MAIN OUTCOME MEASURE(S): All injuries documented in SportsWare by athletic trainers in Seattle public high schools. We evaluated all injuries, including concussions recorded during the 2008-2009 school year, before the Lystedt law, and during the 2 school years after the law took effect (2009-2010 and 2010-2011). Incidence rates before and after the law were estimated and compared.

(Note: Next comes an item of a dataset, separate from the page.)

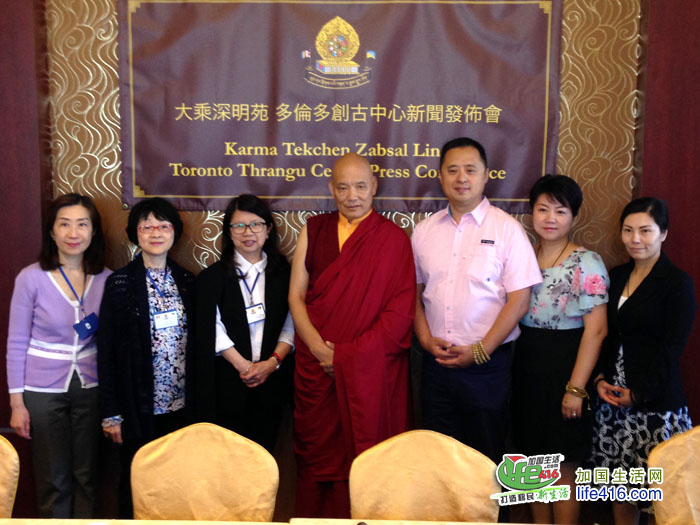 【加国生活网】由多伦多大乘深明苑创古中心主办、加拿大佛教文化促进会协办的“第九世堪千创古仁波切主持中阴开示及文武百尊大灌顶”新闻发布会于2018年6月19日在皇家御宴举行。参加新闻发布会的有:多伦多创古中心的住持Lama Tashi Dondup, Abbot、中心董事Betty Lam、Polly Tong和Fiona Chen(右一)。

RESULTS: The concussion rate was -1.09% in 2008-2009, 2.26% in 2009-2010, and 2.26% in 2010-2011. A comparison of relative risks showed that the incidence rates of concussions were different before and 1 year after the Lystedt law (relative risk = 2.10; 95% confidence interval [CI] = 1.50, 2.93) and 2 years after the law (relative risk = 2.10; 95% CI = 1.49, 2.93). Overall, the mean number of days out of play after 2008-2009 was almost 7 days greater after the law took effect (difference = 6.9 days; 95% CI = 0.70, 13.1). For females, the mean number of days out of play after 2008-2009 was more than 17 days in 2009-2010 (difference = 17.2 days; 95% CI = 4.81, 29.5) and was more than 6 days in 2010-2011 (difference = 6.3 days; 95% CI = 1.62, 11.0).
CONCLUSIONS: The number of documented concussions more than doubled after the institution of the Lystedt law, which may be attributed to heightened awareness and closer monitoring.